The ligands/activators for peroxisome proliferator-activated receptor α (PPARα) and PPARγ increase Cu2+, Zn2+-superoxide dismutase and decrease p22phox message expressions in primary endothelial cells

Abstract

We examined the effects of a variety of ligands/activators of the peroxisome proliferator-activated receptor (PPAR) on the expression of the superoxide scavenger enzyme, Cu2+,Zn2+-superoxide dismutase (CuZn-SOD), and the superoxide generating enzyme nicotinamide adenine dinucleotide phosphate (reduced form) (NADPH) oxidase in primary cultures of human umbilical vein endothelial cells (HUVEC) and human aorta endothelial cells (HAEC).
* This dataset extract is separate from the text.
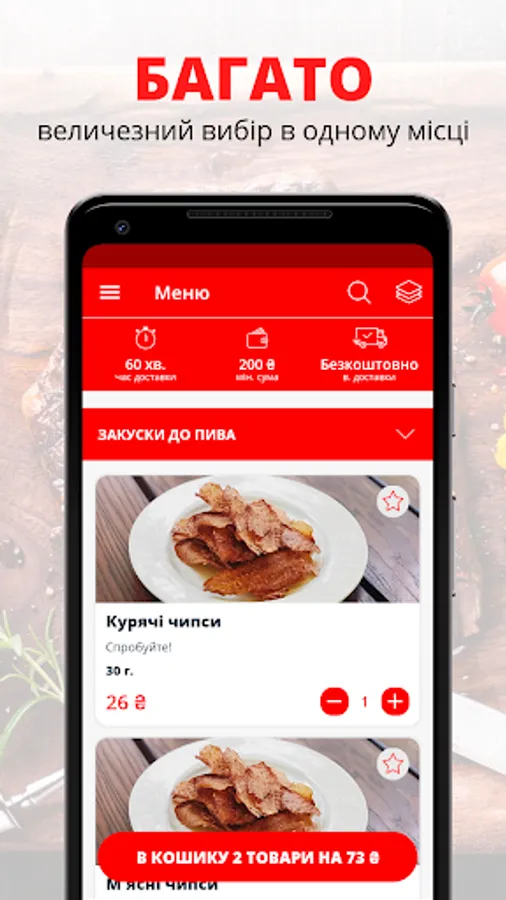 Pick up everything you love: sushi, pizza, burgers and food from the European and Ukrainian cuisine. And mi? And mi garantuєmo delivery of savor to your home for 90 hilin

Our data show that 3 types of PPARs, PPARα, PPARβ/δ/Nuc1, and PPARγ are expressed in endothelial cells. Bezafibrate, which is a ligand/activator for PPARα, increased the CuZn-SOD gene expression and protein levels in endothelial cells. Troglitazone and pioglitazone, which are ligands/activators for PPARγ, also induced PPARα gene and protein expression and increased CuZn-SOD gene expression and protein levels in addition to increasing PPARγ gene and protein expression in endothelial cells. Moreover, with treatment of monounsaturated and polyunsaturated fatty acids (PUFA), the CuZn-SOD mRNA levels were positively correlated with PPARα mRNA levels (r = .872, P < .0001) in primary endothelial cells. In addition, the phorbol myristate acetate (PMA)-stimulated or PMA-nonstimulated 22-kd a-subunit (p22phox) mRNA levels and 47-kd a-subunit (p47phox) protein levels in NADPH oxidase were decreased by treatment with PPARα and PPARγ ligands/activators. These results suggest that PPARα and PPARγ gene and protein expression in endothelial cells may play a physiologic role as radical scavengers, although the details of these mechanisms remain to be established.